Material to process.
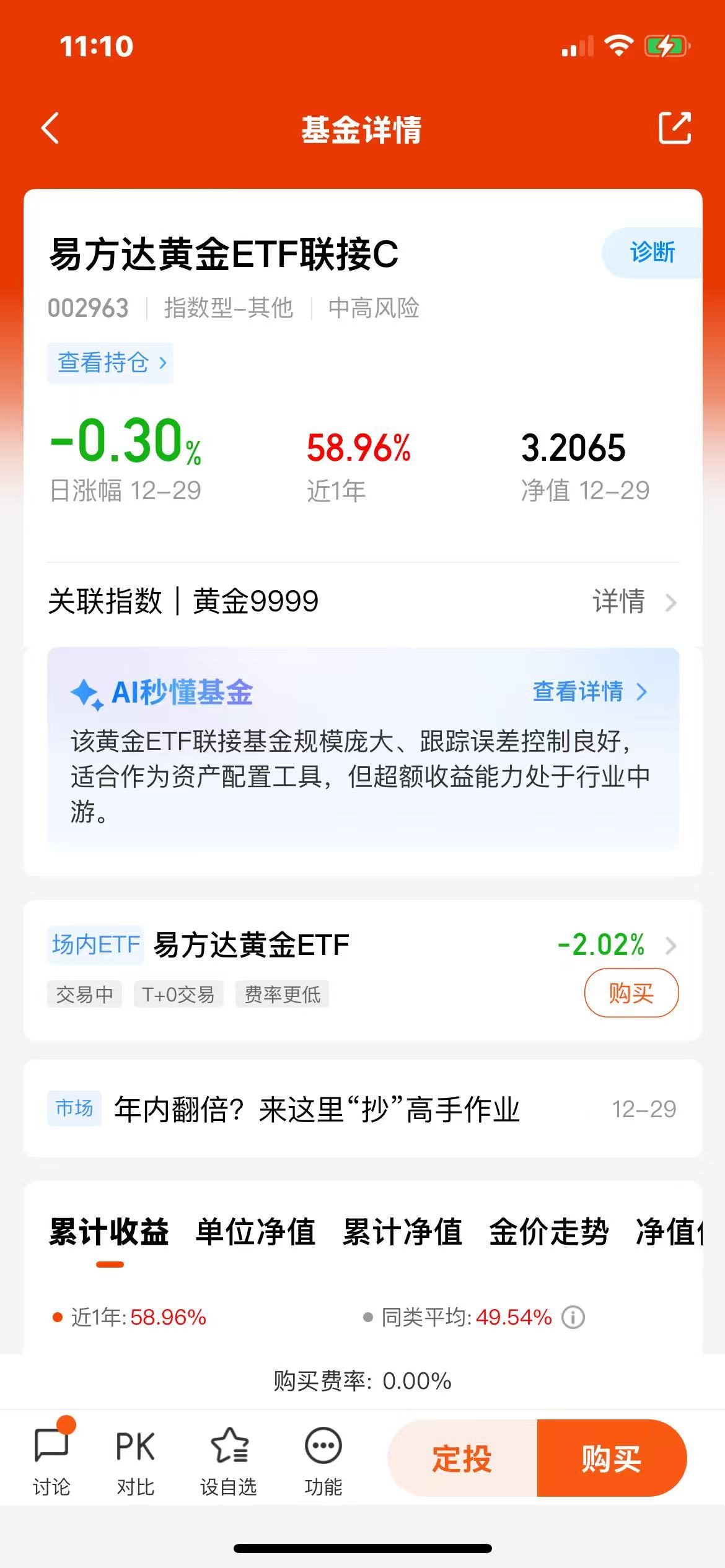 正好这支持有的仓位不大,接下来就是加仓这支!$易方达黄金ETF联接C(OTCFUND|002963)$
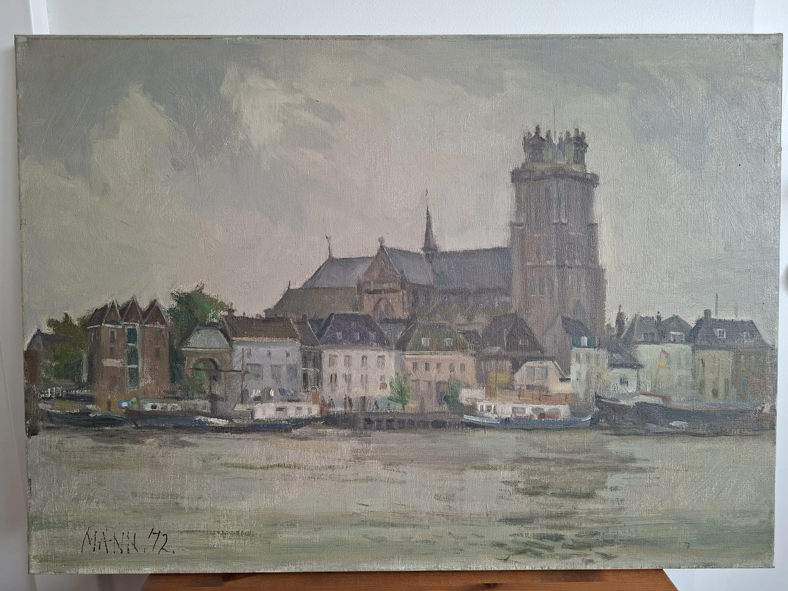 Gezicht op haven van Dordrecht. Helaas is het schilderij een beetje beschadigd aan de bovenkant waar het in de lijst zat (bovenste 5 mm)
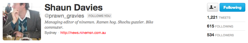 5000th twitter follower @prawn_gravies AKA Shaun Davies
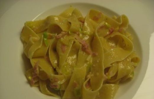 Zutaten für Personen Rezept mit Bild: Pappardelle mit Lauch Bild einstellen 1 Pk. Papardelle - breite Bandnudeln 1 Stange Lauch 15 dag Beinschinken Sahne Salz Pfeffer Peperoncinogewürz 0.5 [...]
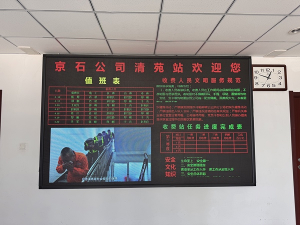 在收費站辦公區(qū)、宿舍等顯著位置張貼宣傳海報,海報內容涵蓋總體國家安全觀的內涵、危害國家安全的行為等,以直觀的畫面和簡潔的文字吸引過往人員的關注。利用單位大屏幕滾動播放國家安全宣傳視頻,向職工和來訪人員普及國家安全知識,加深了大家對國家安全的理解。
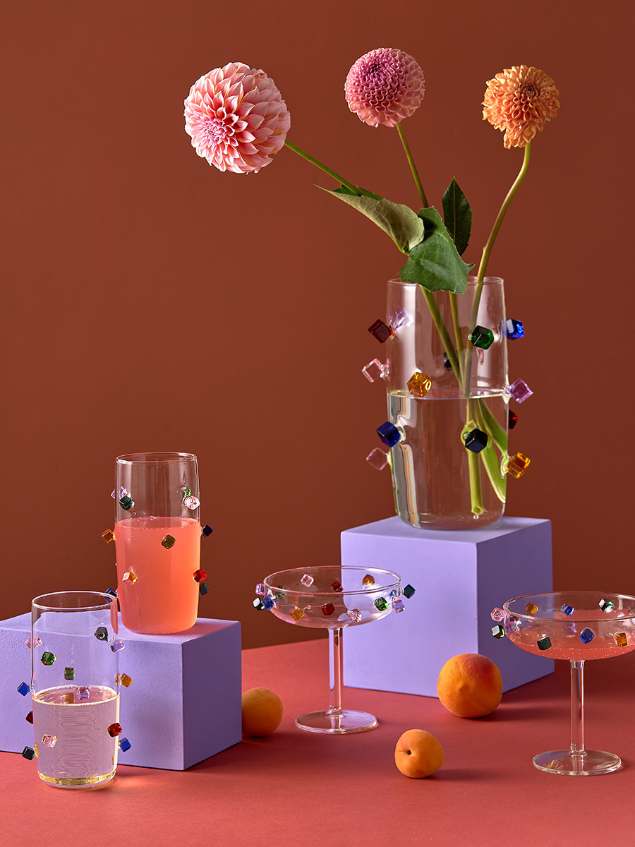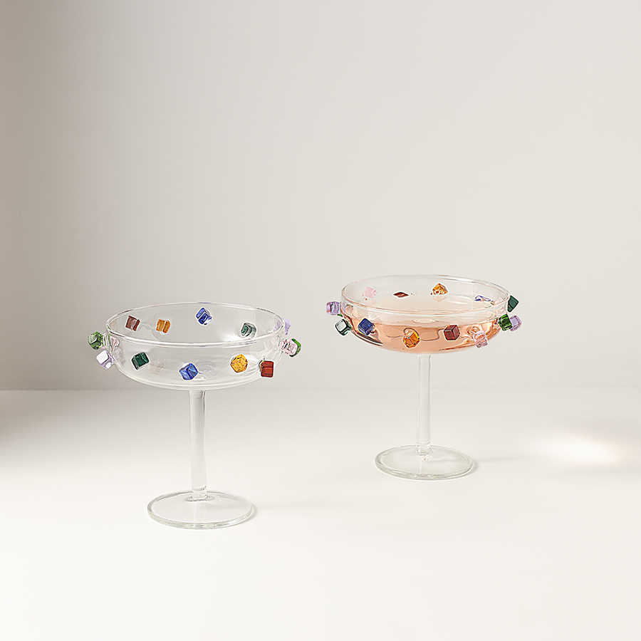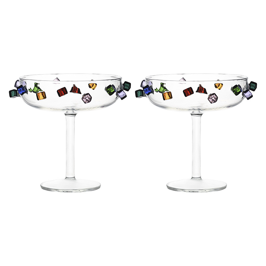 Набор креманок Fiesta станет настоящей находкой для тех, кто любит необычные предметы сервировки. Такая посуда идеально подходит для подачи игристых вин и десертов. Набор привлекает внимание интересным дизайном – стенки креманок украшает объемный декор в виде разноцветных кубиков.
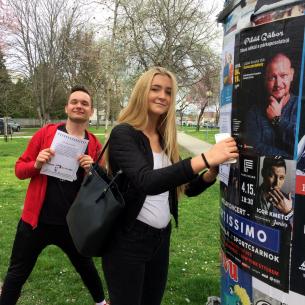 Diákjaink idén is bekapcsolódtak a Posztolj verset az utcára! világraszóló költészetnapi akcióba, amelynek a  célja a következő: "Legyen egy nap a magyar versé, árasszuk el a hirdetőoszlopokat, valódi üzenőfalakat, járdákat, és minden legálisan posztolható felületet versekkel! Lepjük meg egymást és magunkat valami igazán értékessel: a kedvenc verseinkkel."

Exercise. Take the entries above and copy exactly the lines starting at the one with "在收費站辦公區(qū)、宿舍" and ending at the one with "Набор креманок Fiesta"; nothing outside that span, and no pictures.

Answer for this exercise.
 在收費站辦公區(qū)、宿舍等顯著位置張貼宣傳海報,海報內容涵蓋總體國家安全觀的內涵、危害國家安全的行為等,以直觀的畫面和簡潔的文字吸引過往人員的關注。利用單位大屏幕滾動播放國家安全宣傳視頻,向職工和來訪人員普及國家安全知識,加深了大家對國家安全的理解。
 Набор креманок Fiesta станет настоящей находкой для тех, кто любит необычные предметы сервировки. Такая посуда идеально подходит для подачи игристых вин и десертов. Набор привлекает внимание интересным дизайном – стенки креманок украшает объемный декор в виде разноцветных кубиков.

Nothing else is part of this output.